SHANGHAI—The city of Beijing will shut about 1,000 manufacturing firms by 2020 as part of a program that’s aimed at curbing smog and boosting income in neighboring regions, state media said on July 30.
The move is part of China’s plan to upgrade its manufacturing sector, with a focus on developing dynamic, high-tech industries and withdrawing from “ordinary” manufacturing, the Chinese Communist Party mouthpiece People’s Daily reported, citing a recent policy document published by the municipal government of Beijing .
The plan, however, appears to be moving forward at the expense of ordinary citizens, such as migrant workers. In December 2017, Beijing authorities began to evict the so-called low-class population, including laborers, migrant workers, street hawkers, and out-of-town petitioners, following a deadly fire that engulfed a suburb where many of these workers lived. Similar evictions soon spread to other Chinese cities.
In early July, police officers shut down multiple clothing factories in Daxing District in Beijing, resulting in large numbers of migrant workers losing their jobs, according to a July 19 report by Radio Free Asia (RFA). Local citizens complained that the closing of these factories would be devastating to the local economy.
One unidentified local clothing businessman told RFA that the local economy boomed upon the arrival of these migrant workers, with many new businesses opening, such as supermarkets and factories.

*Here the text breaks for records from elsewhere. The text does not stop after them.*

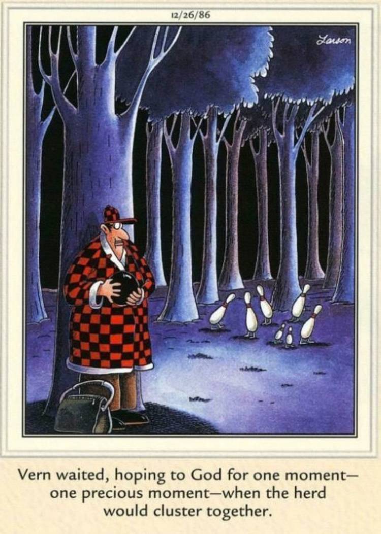 ¿Está cazando los alfileres de bolos para comerlos, o usarlos como una decoración de la casa como un cazador en el mundo real lo haría con las astas? La tira cómica nunca se extiende más allá de los eventos del cazador que solo mira a su presa de bolos, por lo que los lectores de esta tira cómica nunca se enteran. Tal vez el Lado lejano ¿Hunter solo quiere una huelga en la naturaleza?
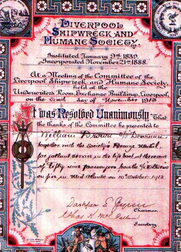 It was resolved unanimously "That the thanks of the Committee be presented to William Brown, S/S Devonian, together with the Society's Bronze Medal, for gallant service in the life boat at the rescue of Fifty nine passengers from the S/S "Volturno" on fire in Mid-Atlantic on 10th October 1913".
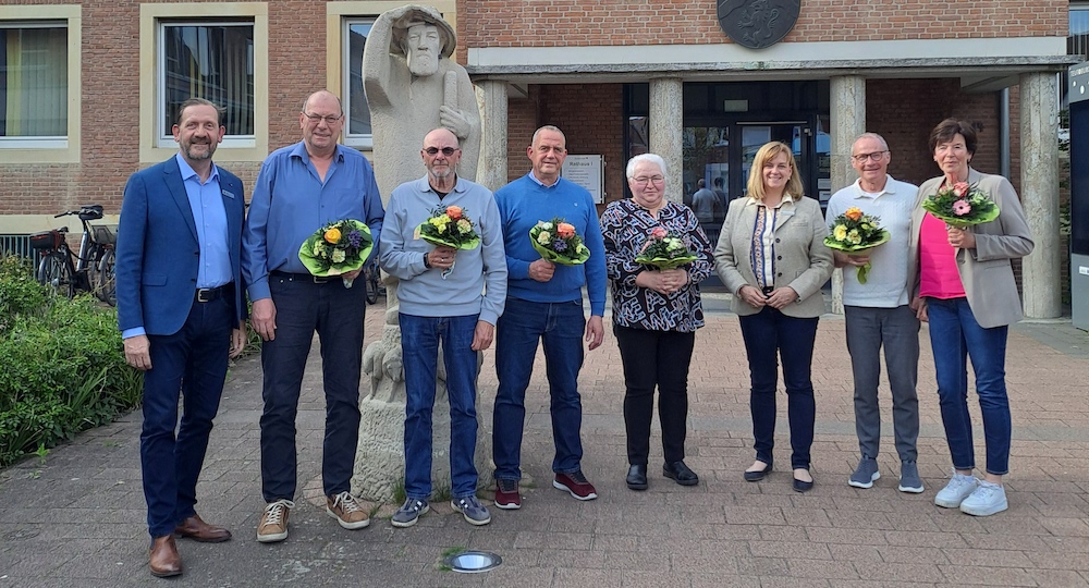 Trafen sich zur gemütlichen Feierstunde im Rathaus (v.l.): Personalchef Stefan Volmering, Horst Loddemann, Alfons Ohlmeier, Martin Poppenborg, Olga Graf, Bürgermeisterin Pamela Westmeyer, Reinhard Strotjohann und Petra Eggelbusch.
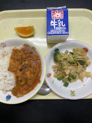 【今日の献立】むぎごはん カツカレー ロースカツ わかめサラダ れいとうみかん ジョア
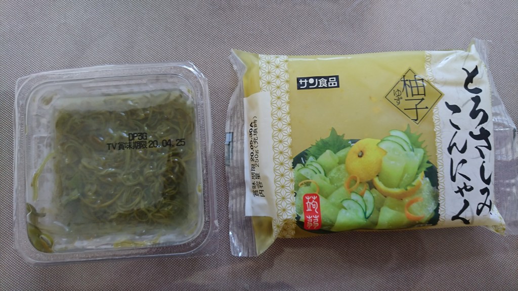 まずめかぶと刺身こんにゃくです♪知人にはめかぶよりもずくのほうが酢が取れていいんじゃないかって言われましたがめかぶの方が食感が良くて好きです笑
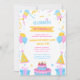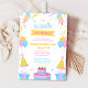 le design montre une invitation d'anniversaire pour les enfants en jaune, bleu ciel et rose au milieu et beaucoup de ballons, casquettes d'anniversaire, cadeaux d'anniversaire etc autour. ce design est extrêmement coloré et mignon et sera idéal pour tous les enfants.
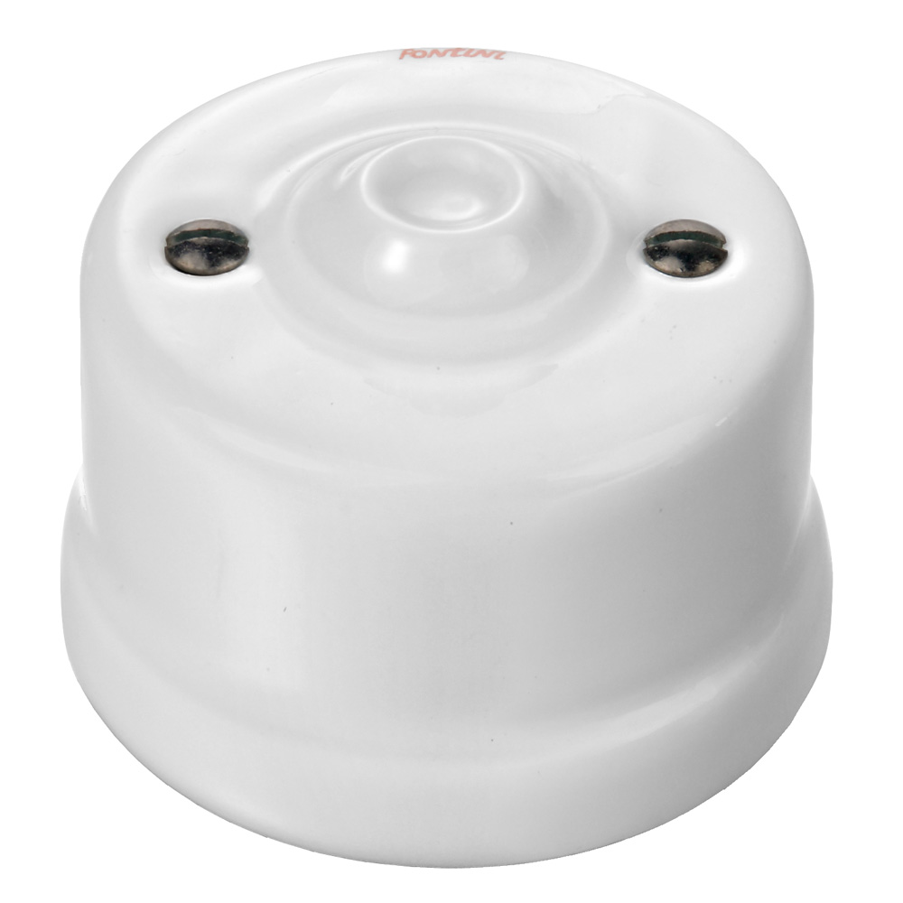 Posliini, valkoinen. Kiinnitysruuvit ovat patinoitua messinkiä.
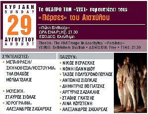 Το ΘΕΑΤΡΟ ΤΩΝ «VIVI» παρουσιάζει το έργο «ΠΕΡΣΕΣ» του Αισχύλου σε σκηνοθεσία Τηλέμαχου Μουδατσάκι την ΚΥΡΙΑΚΗ 29 ΑΥΓΟΥΣΤΟΥ 2010 στις 21:30 στο Κηποθέατρο «Μ.Χατζιδάκις» με ελεύθερη είσοδο.
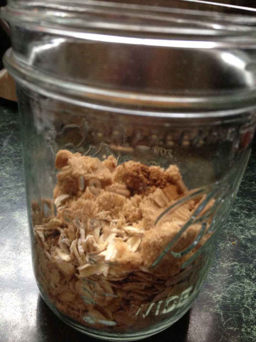 Add a little brown sugar, honey, or maple syrup. Add a sprinkle of cinnamon if you like. This could be done the night before to make it even faster. No canning jar? Recycle a glass jar!
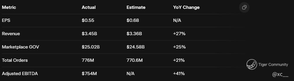Diving deeper, total orders hit 776 million, surpassing forecasts of 770.6 million with a 21% increase from last year. Marketplace gross order value? A whopping $25.02 billion, up 25% and ahead of the $24.58 billion analysts predicted. Adjusted EBITDA also shone bright at $754 million, climbing 41% YoY. Yet, the stock plunged anyway โ why? Blame it on the company's bold plans to pour "several hundred million dollars" into new tech, their quirky Dot robot for deliveries, and expanding globally. ๐๐ค Investors aren't thrilled about potential profit dips in 2026 from these aggressive moves.
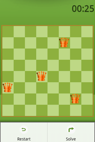 Try to find 23 unique solutions In Eight Queen Puzzle game in which you will discover a problem proposed for the first time in 1848 that has interested many mathematicians and chess players. The Eight Queens puzzle is the problem of placing eight chess queens on an 8x8 chessboard such that none of them are able to capture any other using the standard chess queen's moves. Thus, a solution requires that no two queens share the same row, column, or diagonal. If you cant solve it you can ask the application to solve it for you.
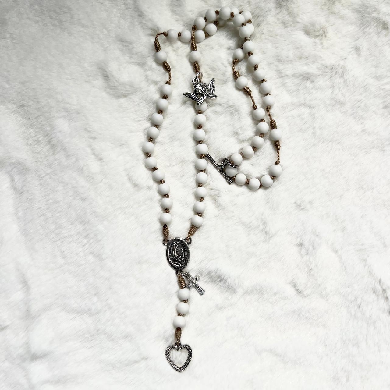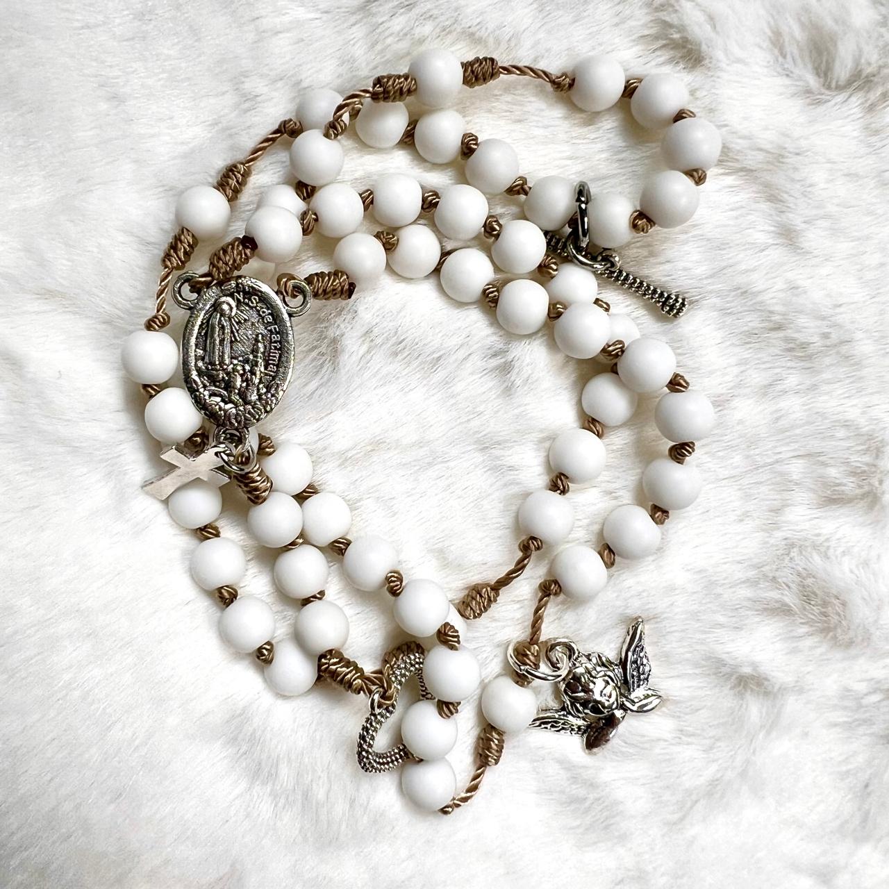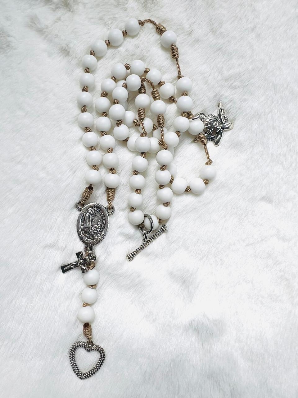 Un regalo de fe y un tesoro para toda la vida. Este elegante rosario está hecho con cuentas de ónix blanco de 6 mm, una piedra que simboliza la pureza y la inocencia. Cuidadosamente engarzado a mano con nudos franciscanos, este rosario es el complemento ideal para momentos especiales. Ideal para celebrar: Es la elección perfecta para bautizos, primeras comuniones, confirmaciones y, en el día de tu boda, como el rosario de la novia. Hecho para ti: Hazlo aún más especial. Podemos personalizarlo con uno o varios nombres de tu preferencia (por un costo adicional). el cierre es broche tipo T para facilitar la puesta.
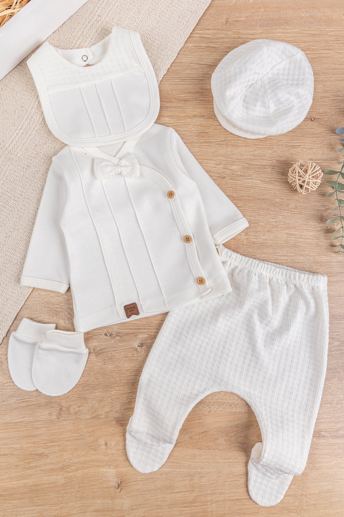 Papyonlu Pamuklu 5 Parça Erkek Bebek Hastane Çıkışı Bebek Takımı
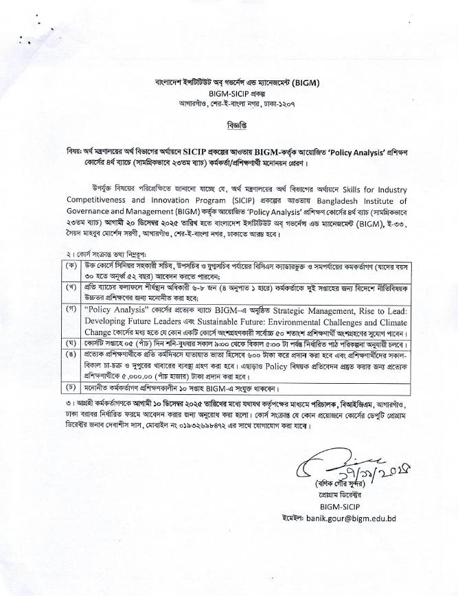 বাংলাদেশ ইনস্টিটিউট অব গভর্নেন্স অ্যান্ড ম্যানেজমেন্ট (BIGM) কর্তৃক আয়োজিত ‘পলিসি এনালাইসিস’ প্রশিক্ষণ কোর্সের ১৭ তম ব্যাচে কর্মকর্তা মনোনয়নের বিজ্ঞপ্তি।
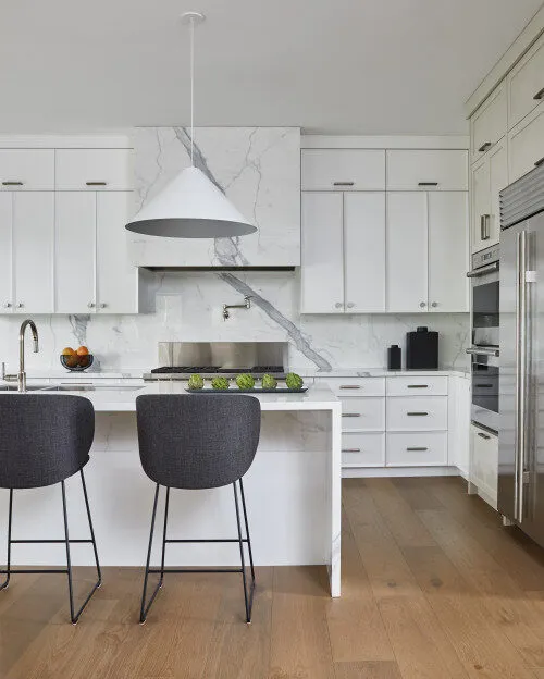 Scandinavian Kitchen Design with White Cabinets and Marble Textured Slab Backsplash
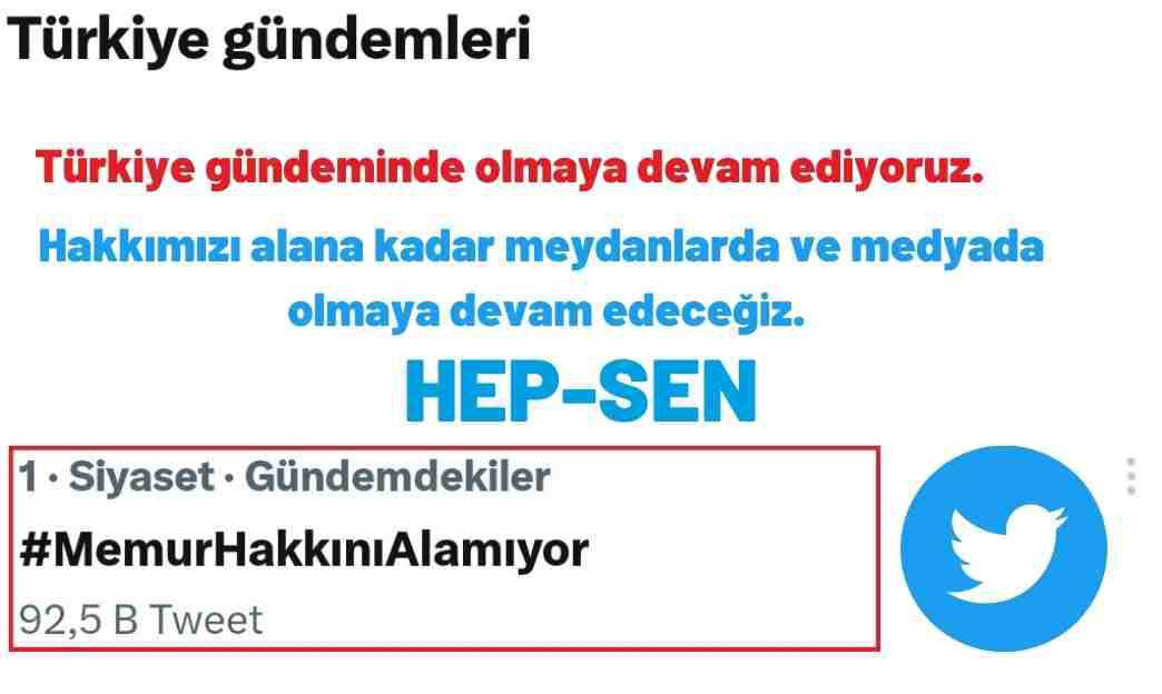 Hep-Sen ve Sağlık Çalışanları Sendikası öncülüğünde birçok STK ile birlikte yürütülen #MemurHakkınıAlamıyor hashtagli Twitter eylemimizde hem ülke hem de dünya gündemine çıkmış olup kamuoyu gündemi oluşturduk.

Beijing has already rejected registration applications from 19,500 firms, and shut or relocated 2,465 “ordinary” manufacturers, People’s Daily said.
China rolled out a plan to improve coordination in the smog-prone Beijing-Tianjin-Hebei Province region in 2014 amid concern that competition between the three jurisdictions was wasting resources and creating overcapacity and pollution.
The goal is to phase out manufacturing and heavy industry in Beijing, and relocate universities and some government departments into Hebei’s new economic zone of Xiong'an.
The Chinese regime also wants to create an integrated transport network and unify standards in areas such as welfare and education to make Hebei—long known for its heavy industry—more attractive to investors.
By David Stanway. Epoch Times staff member Frank Fang contributed to this report.